I was especially excited about the two Cape May Warblers. While I’d seen a fair number of Cape Mays before, I’d rarely seen them in their breeding colors and I’d never heard them sing before. This is because of their distributions. While I’d encountered many of the East Coast warblers on their breeding grounds during my time in Pennsylvania, I was hundreds of miles too far south for Cape Mays, which use contiguous spruce-fir forest and are mostly confined to Canada. These warblers (which are named after Cape May, New Jersey, where they neither breed nor spend the winter) are particularly dependent on an insect known as spruce budworm. Budworms are spruce parasites, and their populations are cyclical. During outbreak years the insect infects and ravages thousands of acres of spruce trees before the population crashes. Cape May Warblers, Bay-breasted Warblers, and Evening Grosbeaks, therefore, all have populations that rise and fall with the populations of this insect.

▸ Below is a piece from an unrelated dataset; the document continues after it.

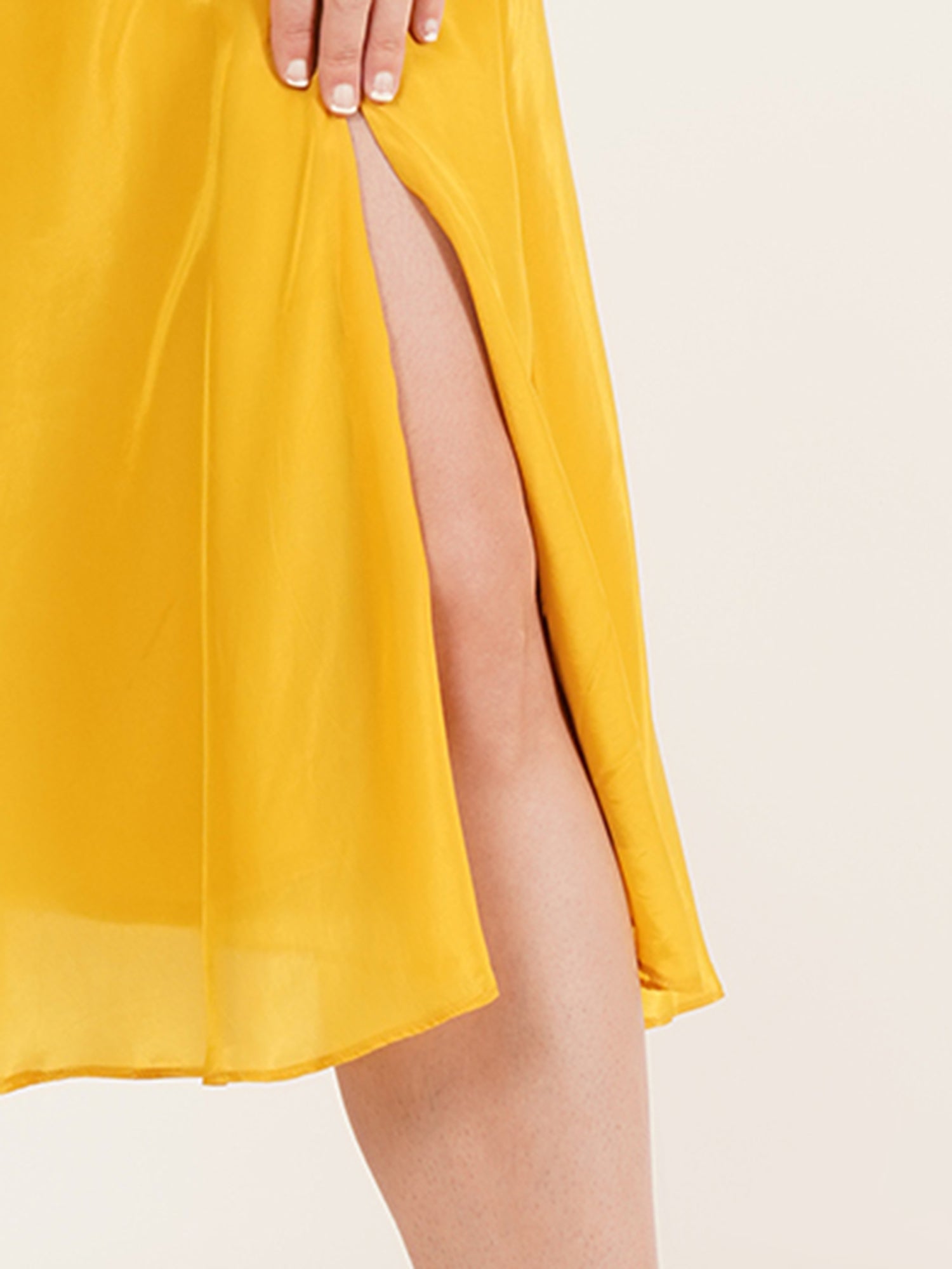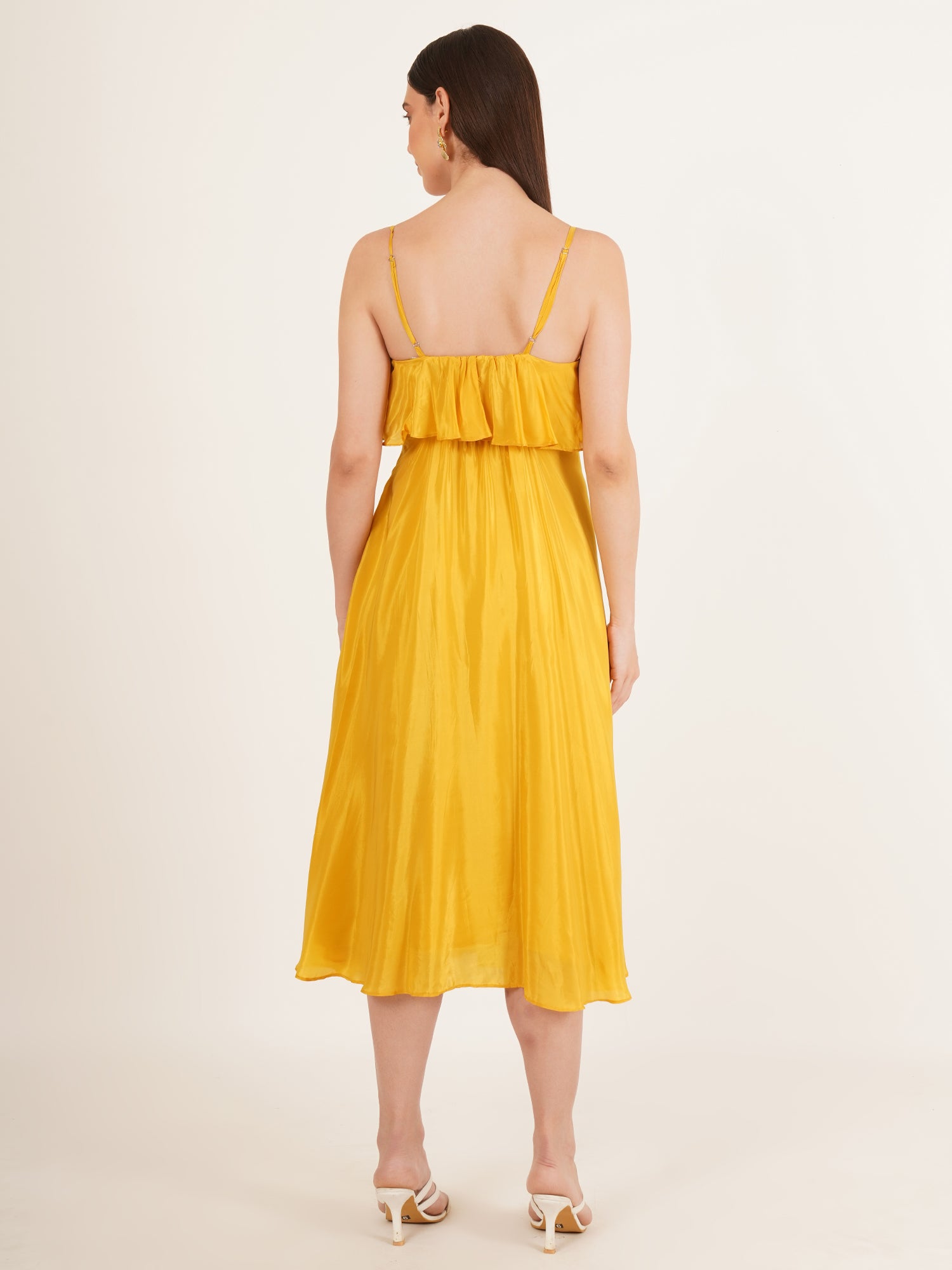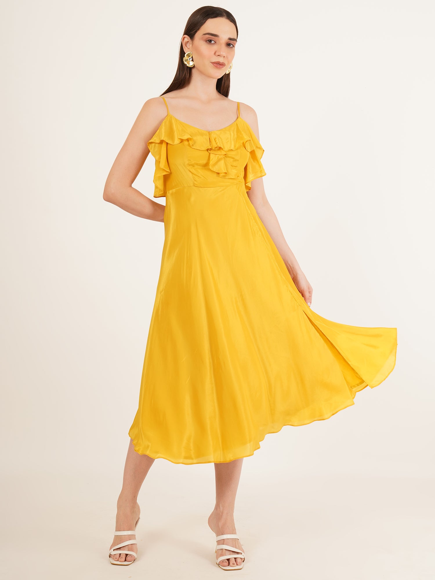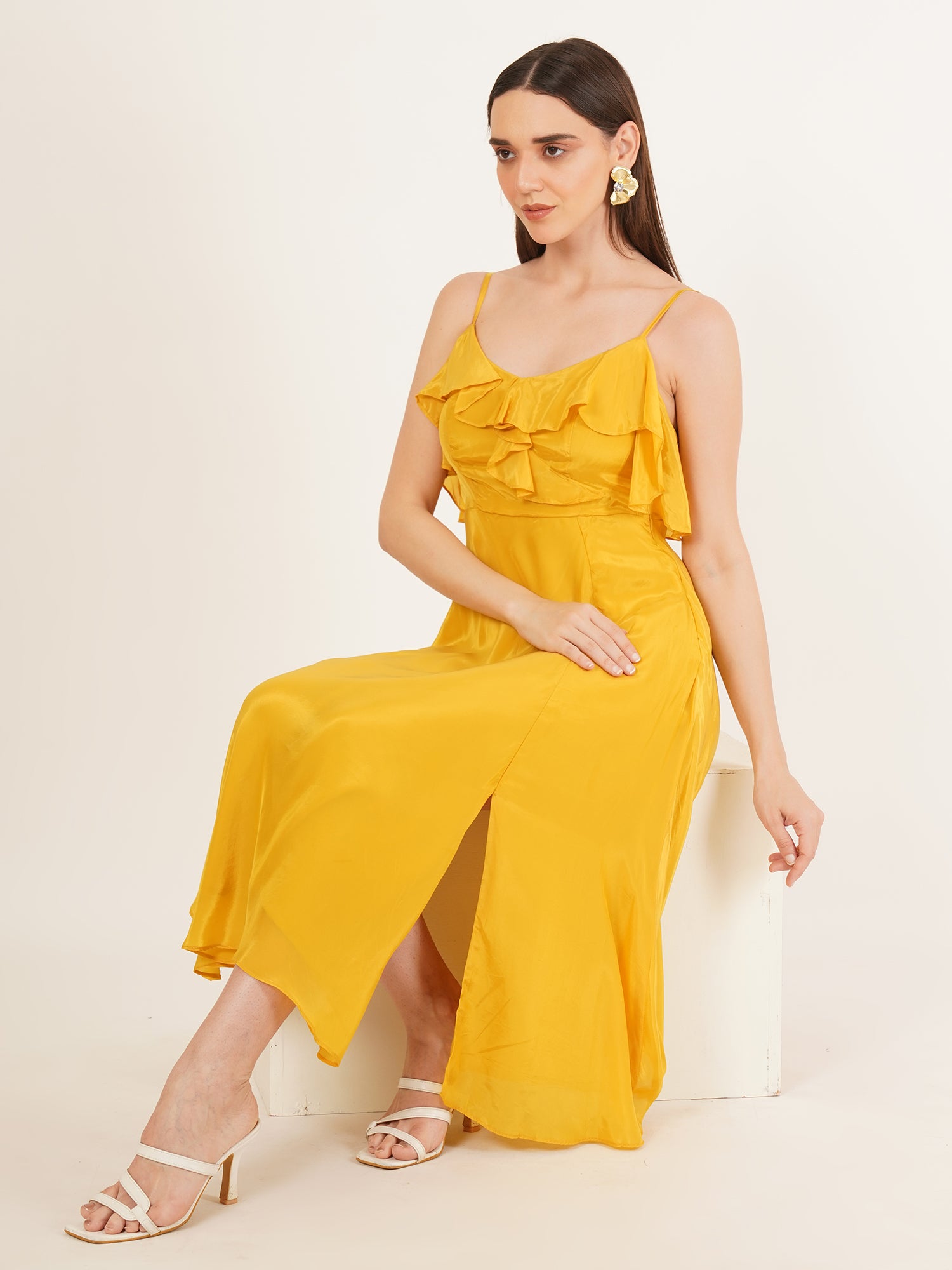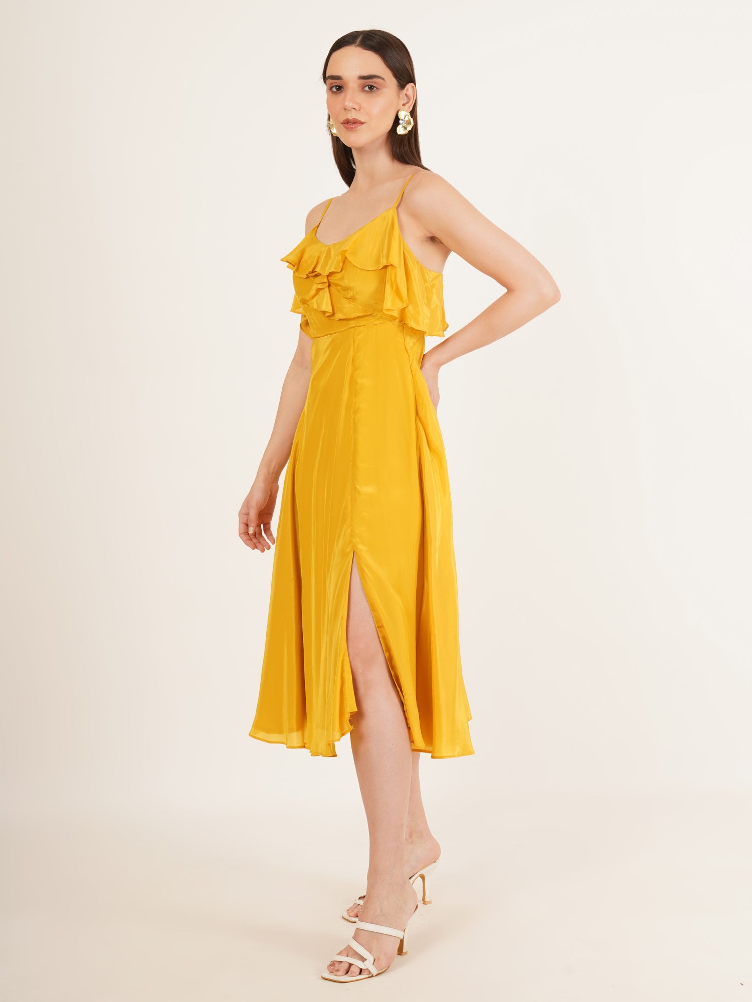 Channel timeless romance with The Belle Ruffle Dress, inspired by the grace and charm of a classic fairytale. Crafted in a lustrous satin finish, this midi silhouette features delicate spaghetti straps, a softly draped ruffle neckline, and a fluid skirt that moves like a dream. A discreet side slit adds a hint of allure, while the smooth polyknit lining ensures day-to-night comfort. Perfect for elegant soirées, candlelit dinners, or any moment you wish to feel like the heroine of your own story.

Besides agriculture, the main industry in Aroostook County is logging, and understandably, the logging industry is not the biggest fan of an insect that defoliates thousands of acres of their crop. Unfortunately, the industry’s historical response to spruce budworm outbreaks (which, remember, are ecologically “normal” and important for the birds dependent on them) has been to clear-cut hundreds of hectares of infected forest. Spruce-fir forest is a mature ecosystem that takes centuries to develop, however, and the forest that grows back after these clearcuts is not coniferous but deciduous. This is a major reason why many spruce budworm-specialists, like Cape May Warbler, and many other birds found in boreal forests, like Canada Jays and Black-backed Woodpeckers, have retreated from much of southern Maine in the last hundred or so years. Their habitat has simply disappeared.
I saw evidence of this as I birded The County. Sure, there was a lot of seemingly healthy spruce habitat. There were also massive empty lots, covered in nothing but slash and debris. The forests were filled with birds, while the lots had almost none. It almost seemed apocalyptic. At least the empty lots provided good views of Mt. Katahdin, Maine’s highest peak, rising in the distance.
Again, though, the forests DID have birds, and not just warblers. Many migrants had not yet arrived (namely the flycatchers, of which I saw very few), but I recorded dozens of Ruby- and Golden-crowned Kinglets, Blue-headed Vireos, and Winter Wrens. Ruffed Grouse drummed from wet thickets, Hermit Thrushes foraged in the road, and I even got to see an American Goshawk bomb overhead at a million miles per hour, chasing something or perhaps just trying to give me as least satisfying a look as possible. In the evening, a walk along a side road yielded incredible, up-close views of Canada Jays, or “Whiskeyjacks” as they are known colloquially. These subtle, white-and-gray corvids landed in the trees less than five feet from me, curiously searching for insects while paying me no mind.

After a night and a day spent in The County, I headed back south to investigate the other corners of Maine I had yet to explore. Stay tuned!

Good stuff, Braden. I didn’t know about spruce budworms or the species that depend on them.
Nice collection of warblers you saw/heard.
Love that you also got such amazing looks at CAJAs. Hmm, wonder how they got the Whiskeyjack nickname.